If the NBN is the solution, what is the problem?

I suggest three problems the NBN addresses:
1. High per Gb prices, compared to overseas
2. Capped Gb per month, compared to overseas
3. Price per month measured taking incomes and currency into account (ie affordability)

Also, I sent Minister of Broadband a note referring to my poster on the NBN

Senator Stephen Conroy,
Minister for Broadband, Communications and the Digital Economy
re: How to sell the sizzle of the NBN? .... to non technical Australians....

Dear Sir,

I recently produced this poster for the Melb Uni, IBES (Institute for a Broadband enabled Society) on how to portray the benefits of the NBN in a way that, I believe, is more appropriate (and more oriented) to consumers.
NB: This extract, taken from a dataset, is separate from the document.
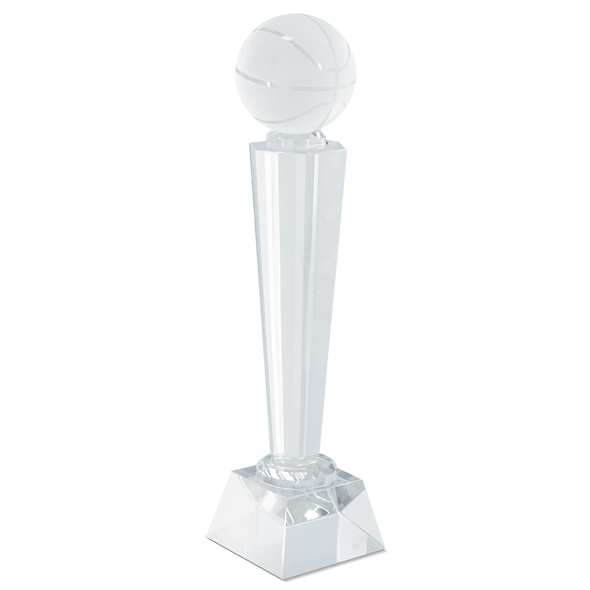 Trofeos de cristal deportivos disponible en varios modelos; pelota de tenis (ref. 10841), balón de fútbol (ref. 10838), pelota de golf (ref. 10840) y balón de baloncesto (ref. 10839)

The focus of NBN discussion on $43 billion and headline speed (100Mbps, 1Gbps) are all well and good for techies and IT professionals, but don't speak to the needs of more ordinary Australians, such as retirees who use broadband mainly for email, working mothers who manage a household budget, and other non-technical people. The NBN also needs to be sold to (well informed) non-technical people, but with language more in keeping with their interests and concerns. The poster provides a sample of three ordinary Australian and how the NBN will be better value for them.

NBN: faster, simpler, cheaper broadband.
Get more…. Do more… on the NBN.

Poster Summary
Why do consumers adopt new technology? What holds them back? How much will they pay? Past innovation theory focuses on early and later adopters, the young and high income earners (Rogers 2003). Value theory suggests consumer goals drive consumer choices (Woodruff 1997). Co-construction of value (Vargo and Lusch 2008) is a new perspective suggesting consumer value drives successful innovation (Kim and Mauborgne 2005). Innovation succeeds when it creates consumer and shareholder value. Innovation fails when it fails to create value.

To sell the sizzle of the NBN, we need to talk about how the NBN creates value for consumers. The focus should become how the NBN is cheaper ($ per GB), faster, and ideally simpler in pricing, choice, and usage. We should forget the $43 billion headline price, and 1 Gbps headline speed and talk in terms consumers understand: price per month.

Poster Image at: here(9Mb)

Blogpost on my PhD blog here.

I am researching how consumers understand value in a new technology, looking at 3G mobile phones.

The focus I recommend for the NBN (price per month) is difficult while the NBN is providing a wholesale only service, but focus could be made on the current Tasmanian NBN retail offerings, especially where they are priced lower than current ADSL2+ pricing. I have a blogpost on this comparison too, I call NBN ValueWatch here .

Kind regards
Richard Ferrers
Innovation and Value analyst
University of Qld

Sunday, October 10, 2010

What's important: in a (consumer) value theory of innovation

A Phd needs an academic contribution. The 'so what' was that research all about. Why was that research worth doing?

This post reprioritises the (consumer) value model. The Value Model focuses on the consumer aspect of Innovation: what do consumers value in a new technology?

What's Important with consumer value:

1. Consumers intimately describe value (meanings and practices) in connection with their actions (buying without waiting; waiting). Consumers' problem solving actions protect their existing value, while value reconfiguring (buying, exploring, comparing) seeks to grow new value. Consumers express their emotional response to value far more than any goals they might have, which are almost completely absent in descriptions of their experience.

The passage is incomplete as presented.